[quote]
So Tali got to build her house on Rannoch after all, but she was an
old woman by that time and her children still grew up on ships (or she
never had any).[/quote]
She got to stand on Rannoch, which is better than any Quarian in three hundred years, and she made a better life for her children than they would otherwise have faced, what more could one reasonably ask for?
[quote]
What was the bloody point of destroying the relays at all if we can
all just assume everything's fine and dandy at the end of it?[/quote]
It wasn't a primary goal, it was a side effect. The primary effect was the "RGB wave", which as a consequence destroyed the relays. It was to show how massive an undertaking that was. There was never any reason to believe that this was it for galactic civiization, although certainly they'll face some difficult times ahead.
[quote]
You end up at the same point if you remove the underlined portion entirely. It has no reason to exist.[/quote]

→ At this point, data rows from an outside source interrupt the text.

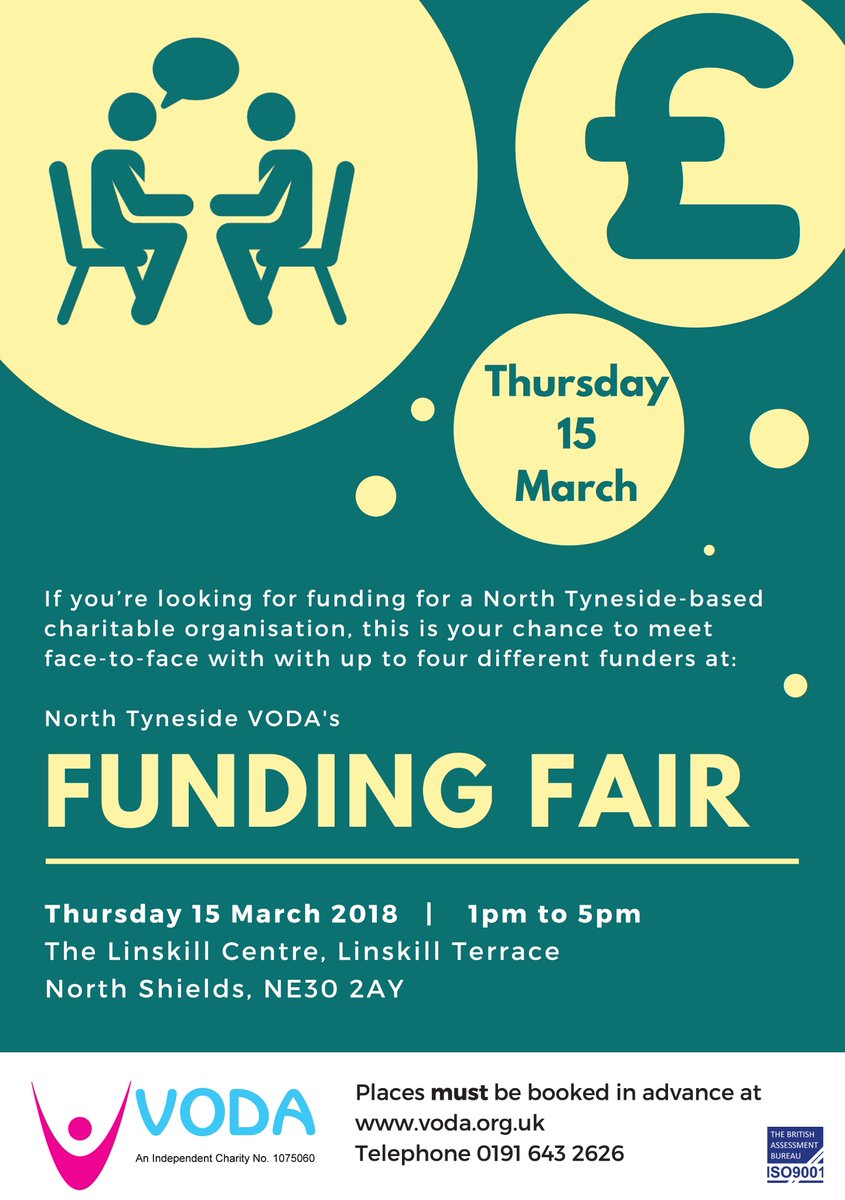 #funding in North Tyneside? Places at our annual Funding Fair are filling up - don't miss out on your chance to meet up to four of the region's top funders on 15 March@LinskillCentre http://voda.org.uk/vodas-funding-fair-2018-thursday-15-march/ …pic.twitter.com/ijvBMeK50y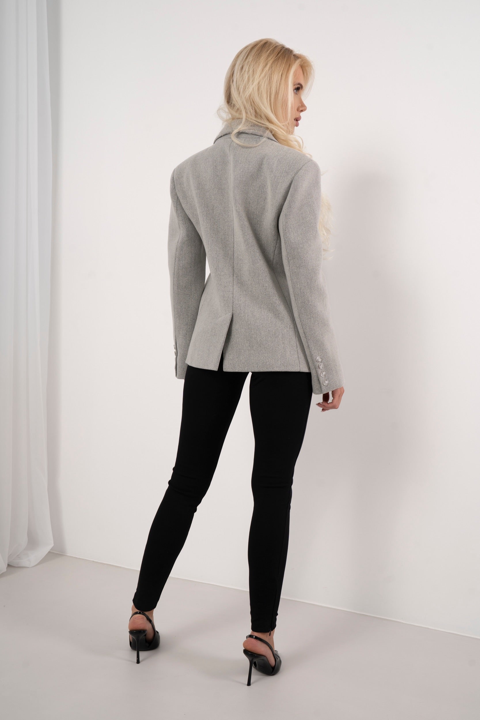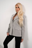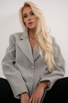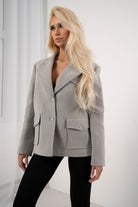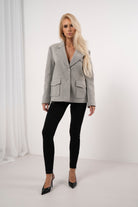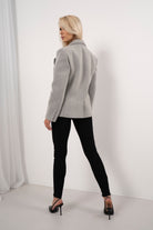 Stylowa marynarka w eleganckim, ponadczasowym kroju, który doskonale podkreśla sylwetkę. Model wykonany z wysokiej jakości materiału, z klasycznym kołnierzem oraz praktycznymi kieszeniami z klapami. Neutralny szary kolor sprawia, że marynarka świetnie sprawdzi się zarówno w eleganckich stylizacjach, jak i w codziennych zestawach z jeansami czy dopasowanymi spodniami. Idealny wybór dla kobiet ceniących styl, wygodę i uniwersalną elegancję.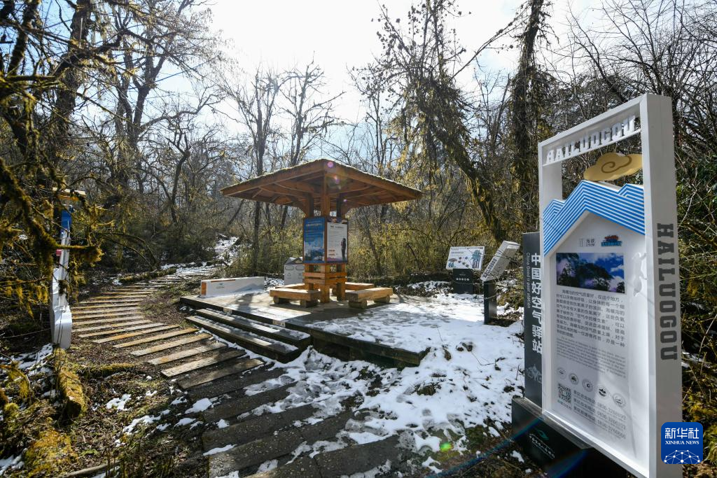 這是1月10日拍攝的海螺溝景區(qū)草海子步游道一角。景區(qū)重建時在步游道上新增了信息提示牌,供游客更好地認識海螺溝。新華社記者 胥冰潔 攝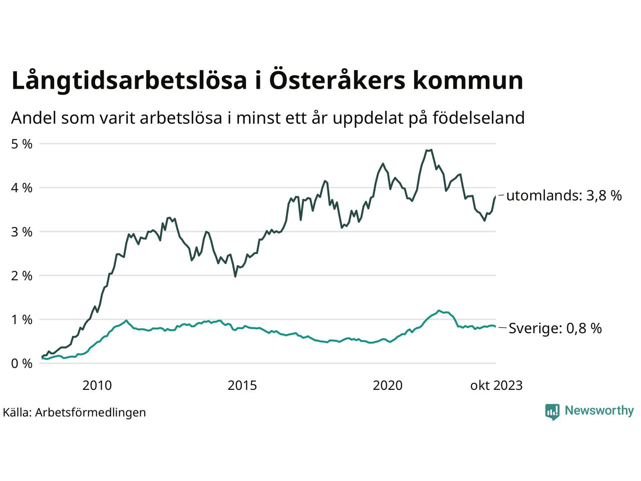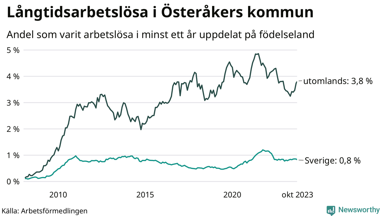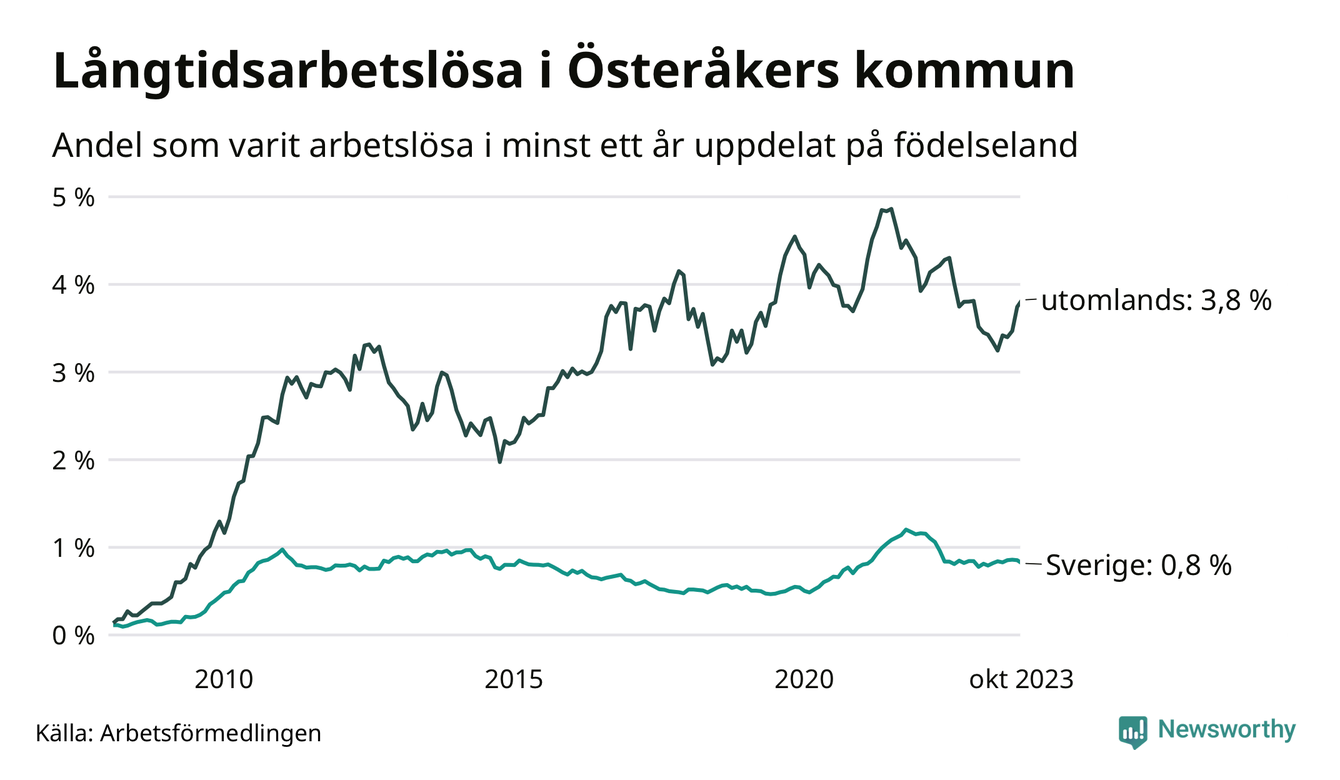 157 av de långtidsarbetslösa i Österåker är födda i Sverige, medan 202 är födda utomlands. Det innebär att långtidsarbetslösheten bland Sverigefödda är 0,8 procent, medan den är fem gånger så hög – 3,8 procent – bland födda utomlands. Även i riket som helhet är arbetslösheten högre bland utrikesfödda.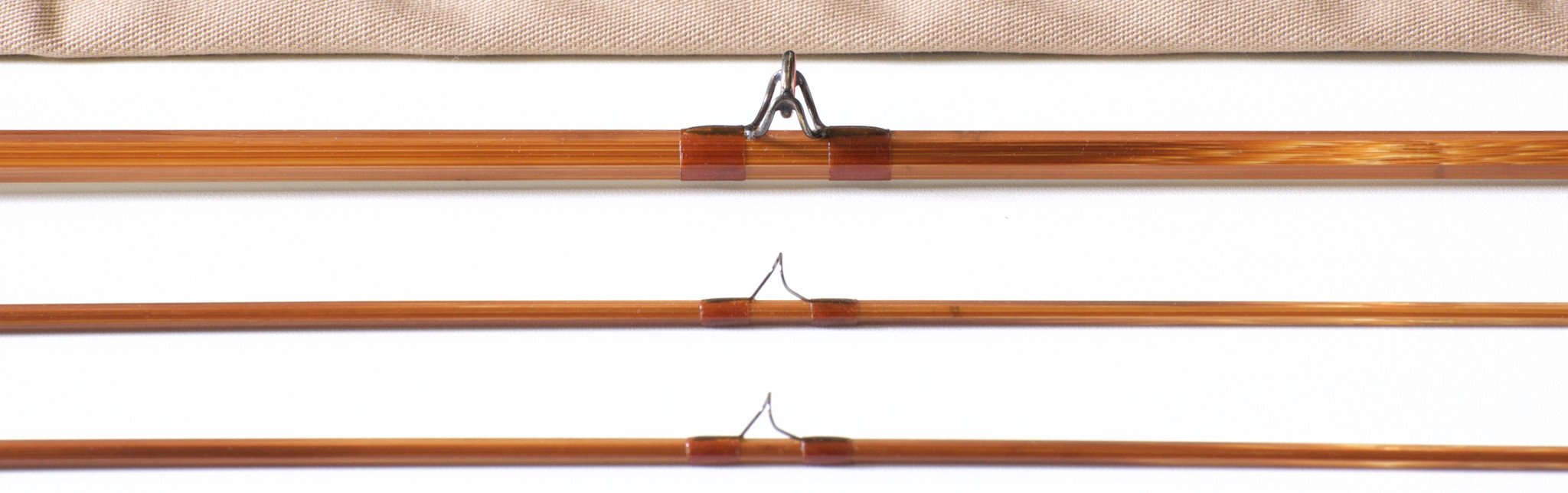 For sale here is a George Maurer bamboo rod. This model was dubbed "Queen of the Waters". According to Maurer's catalog, the rod is "A crisp caster with the reach and backbone to handle larger fish, this is the rod that Len Codella said was 'the best 8' 4wt made.' Many people asked me for a longer version of the Perfectionist taper. This is it. Will fish anything." 8' 2/2 for a 4 weight line. Near mint condition. All rod sections and straight and full-length. Oxidized cap and ring reel seat over a gorgeous wood spacer. Cigar grip. The rod weighs 4 1/8 oz. with size 14/64 Super-Z type ferrules. Medium fast parabolic action. A delightful rod from a great maker who unfortunately is no longer with us.

It has no reason to exist only IF you believe that the point to destroying the relays was to make people gloomy.
[quote]
Their eezo cores remain intact according to Weekes, same as the
Derelict Reaper in ME2. Indoctrination is a very real possibility.[/quote]
Eezo cores are engines, they don't do anything like indoctrination. Reapers conciousnesses cause Indoctrination. This isn't Carrie.
[quote]So basically they took it from Mass Effect to Star Trek because one of
the things that made the Universe different was the Relays.......now it
is just another Sci-Fi Space Universe with faster than light
travel....gee thanks Bioware.[/quote]
Stargate had FTL travel too, and in a sense Star Trek had relays (wormholes). All sci-fi is a shared universe. There are still plenty of unique elements to Mass Effect, like their artisitc design, races, biotics, projectile weapons, etc.
[quote]
Then you accept the premise that the galaxy is completely boned?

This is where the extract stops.